● **Task to complete**: Below are the records; repeat exactly their lines between the line holding "Lâm sàng rối" and the line holding "для душа, полипропилен/сталь, труба", inclusive, skipping the pictures.

● **Input data**:
'''
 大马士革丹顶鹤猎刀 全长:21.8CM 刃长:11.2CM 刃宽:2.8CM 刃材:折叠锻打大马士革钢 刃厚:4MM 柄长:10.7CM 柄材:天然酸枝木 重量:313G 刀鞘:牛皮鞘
'''
'''
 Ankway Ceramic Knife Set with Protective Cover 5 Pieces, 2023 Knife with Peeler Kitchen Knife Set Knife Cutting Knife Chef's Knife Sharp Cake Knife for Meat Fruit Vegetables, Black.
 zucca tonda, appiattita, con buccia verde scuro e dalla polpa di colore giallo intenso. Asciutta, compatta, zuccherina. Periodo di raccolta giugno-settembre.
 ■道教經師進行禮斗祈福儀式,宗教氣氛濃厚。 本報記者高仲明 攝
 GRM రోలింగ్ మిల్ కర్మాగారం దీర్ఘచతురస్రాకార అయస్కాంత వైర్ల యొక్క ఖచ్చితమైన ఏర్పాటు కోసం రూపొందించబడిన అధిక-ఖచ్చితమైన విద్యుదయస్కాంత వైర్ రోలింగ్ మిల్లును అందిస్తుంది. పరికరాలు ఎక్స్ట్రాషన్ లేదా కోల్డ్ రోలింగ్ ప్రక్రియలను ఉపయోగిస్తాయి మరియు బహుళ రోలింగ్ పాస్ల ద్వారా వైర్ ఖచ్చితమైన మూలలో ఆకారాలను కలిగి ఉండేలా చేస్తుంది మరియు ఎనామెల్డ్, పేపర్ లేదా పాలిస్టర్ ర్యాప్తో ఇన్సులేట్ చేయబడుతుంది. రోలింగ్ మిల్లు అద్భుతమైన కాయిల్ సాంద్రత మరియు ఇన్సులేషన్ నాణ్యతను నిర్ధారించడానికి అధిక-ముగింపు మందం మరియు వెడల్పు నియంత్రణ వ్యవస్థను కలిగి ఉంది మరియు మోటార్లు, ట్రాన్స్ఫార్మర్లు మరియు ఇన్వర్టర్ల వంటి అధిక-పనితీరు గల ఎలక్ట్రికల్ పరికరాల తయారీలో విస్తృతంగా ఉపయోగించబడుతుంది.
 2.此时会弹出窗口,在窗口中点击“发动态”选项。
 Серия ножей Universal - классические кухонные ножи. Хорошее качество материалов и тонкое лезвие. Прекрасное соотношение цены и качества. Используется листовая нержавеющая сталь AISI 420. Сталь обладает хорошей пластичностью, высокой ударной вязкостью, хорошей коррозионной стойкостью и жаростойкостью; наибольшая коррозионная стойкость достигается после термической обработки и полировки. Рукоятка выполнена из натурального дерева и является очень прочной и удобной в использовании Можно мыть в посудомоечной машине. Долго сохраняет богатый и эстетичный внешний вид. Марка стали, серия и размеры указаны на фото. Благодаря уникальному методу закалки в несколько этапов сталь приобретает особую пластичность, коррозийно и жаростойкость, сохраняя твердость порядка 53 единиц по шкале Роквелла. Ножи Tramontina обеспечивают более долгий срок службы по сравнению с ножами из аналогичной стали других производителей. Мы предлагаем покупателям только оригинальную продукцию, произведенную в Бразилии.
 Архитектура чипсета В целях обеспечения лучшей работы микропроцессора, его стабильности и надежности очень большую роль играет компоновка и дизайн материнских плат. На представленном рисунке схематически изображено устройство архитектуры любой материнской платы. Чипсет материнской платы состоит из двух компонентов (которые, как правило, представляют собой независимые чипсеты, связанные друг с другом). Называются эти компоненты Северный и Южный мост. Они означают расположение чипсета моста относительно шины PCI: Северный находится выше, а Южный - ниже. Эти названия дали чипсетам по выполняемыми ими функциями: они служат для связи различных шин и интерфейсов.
'''
'''
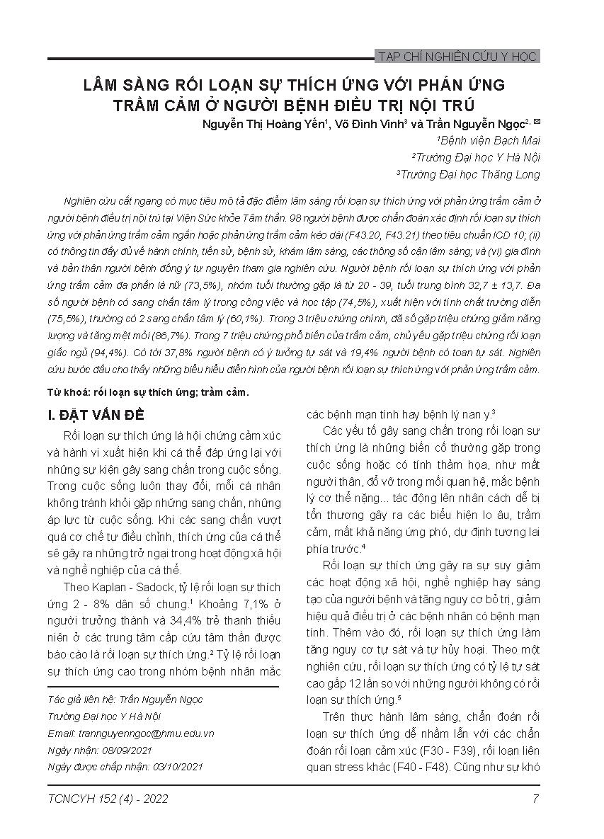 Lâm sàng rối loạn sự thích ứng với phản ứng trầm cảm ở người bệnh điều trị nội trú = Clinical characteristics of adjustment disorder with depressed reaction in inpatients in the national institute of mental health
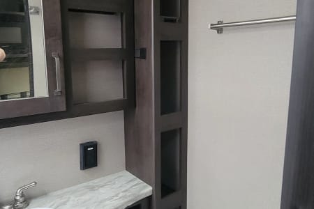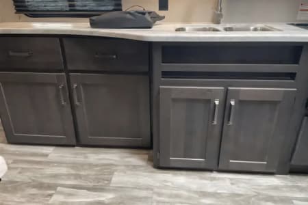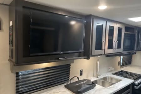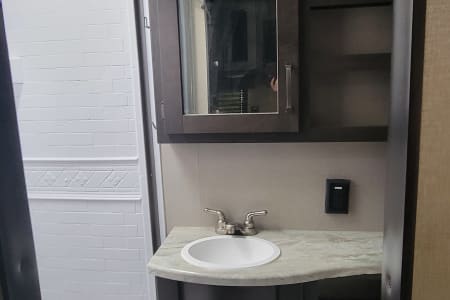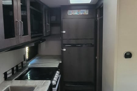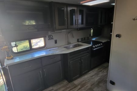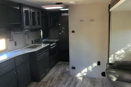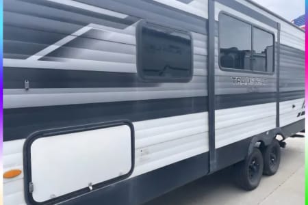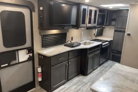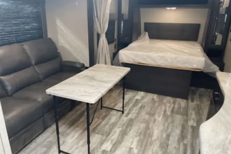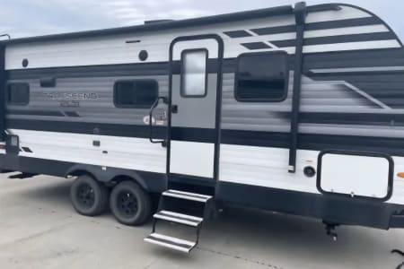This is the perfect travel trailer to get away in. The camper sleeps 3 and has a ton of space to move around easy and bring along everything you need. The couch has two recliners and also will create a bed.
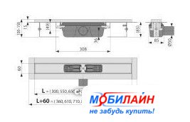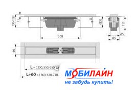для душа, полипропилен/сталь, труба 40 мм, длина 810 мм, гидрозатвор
'''
● **Written response**:
 Lâm sàng rối loạn sự thích ứng với phản ứng trầm cảm ở người bệnh điều trị nội trú = Clinical characteristics of adjustment disorder with depressed reaction in inpatients in the national institute of mental health
This is the perfect travel trailer to get away in. The camper sleeps 3 and has a ton of space to move around easy and bring along everything you need. The couch has two recliners and also will create a bed.
для душа, полипропилен/сталь, труба 40 мм, длина 810 мм, гидрозатвор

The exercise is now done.